В то время как кино Ароонпхенга не заинтересовано в вопросах общественного устройства и нравственности, а взывает к проблематике совместного проживания, нахождения рядом с другим. Когда Тхонгчай уже не просто повторяет действия своего учителя-рыбака, но проживает эту скромную действительность вслед за ним (или параллельно с ним), мысли об идентичности наконец уходят от «я» к неразменному «чужому», чья независимость сохраняется, несмотря на, или как раз-таки благодаря репликации и уподоблению. Немой незнакомец совладает с мопедом, научится удить рыбу и погружаться под воду, попробует окрасить волосы, но так и не сможет воспроизвести ни звука. Он раскроет рот только раз, чтобы не заполняясь, принять голос – нечеловеческий, утробный – рыбака, стоящего напротив и объясняющего, как нужно задерживать дыхание, опускаясь в царство скатов. Тхонгчай останется в собственном молчании до конца, ибо оно – не отсутствие речи, а радикальное ничтожествование, сама неисполнимость минимальных «да» или «нет». Это ноль, определяющий симметрию системы и вместе с тем – своим собственным одиноким и беспарным непопаданием в неё – вносящий подрывную асимметричность.
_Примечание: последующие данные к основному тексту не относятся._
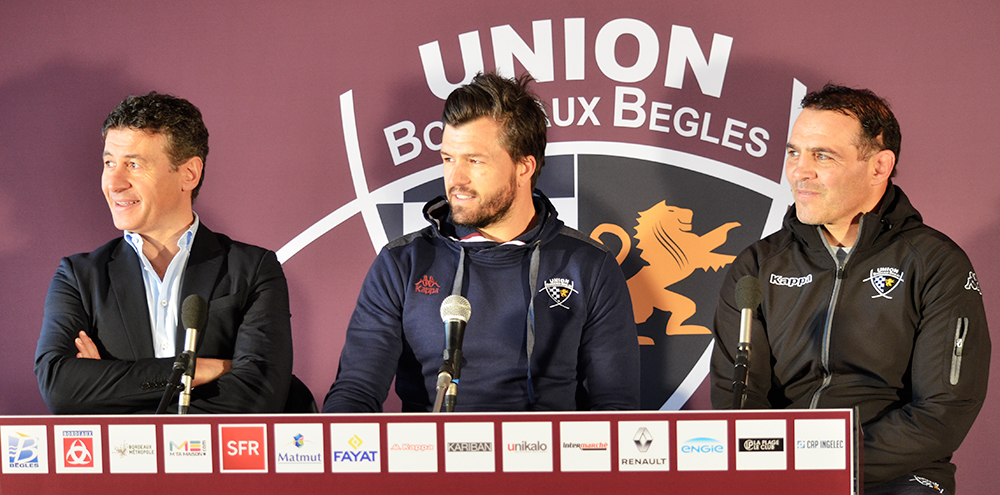 Ce jeudi à 14h, le président de l'UBB Laurent Marti entouré de son manager Raphaël Ibanez, a présenté officiellement aux médias le 3/4 centre vice-champion du monde australien, Adam Ashley Cooper !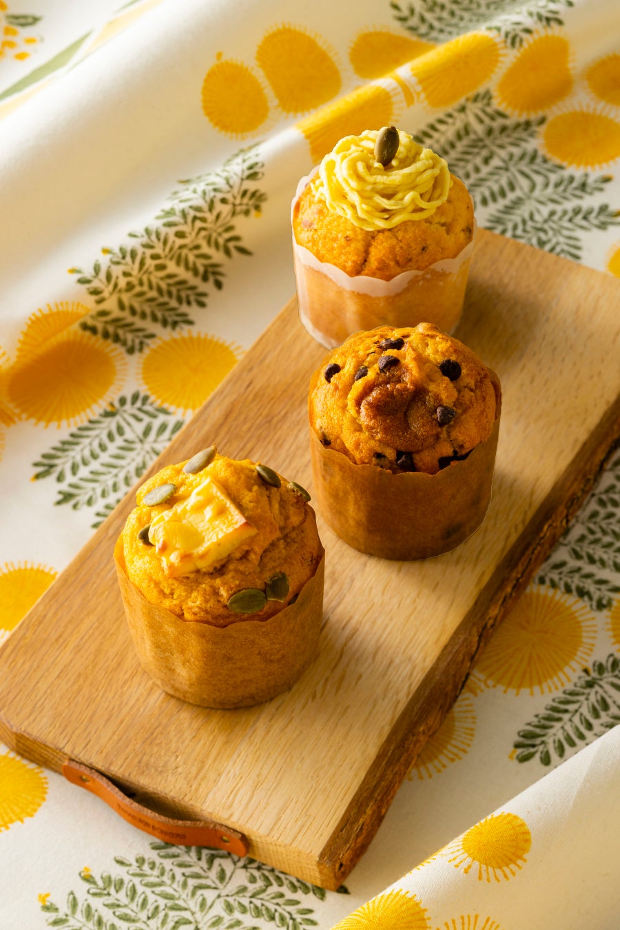 熊本県産渋皮栗(和栗)のシロップ漬けを混ぜ込んだ生地に、熊本県県産シルクスイート(さつまいも)で作ったモンブランクリームを絞って飾り、仕上げに栗と相性の良いラム酒の香りをまとわせました。秋の味覚のさつまいもと栗を同時に楽しめるご当地マフィンです。

Безмолвие открывает не удерживающее никаких эмоций лицо Тхонгчая навстречу рыбаку, но и предотвращает всякое возможное взывание, сохраняя каждого из участников безгласной связи в их разделённости. Неудачливые ловцы морских дьяволов могли бы расписаться под трактатом Рёскина и Кайуа: этика – это картирование территории соседства, проведение границ автономии между мной и другим.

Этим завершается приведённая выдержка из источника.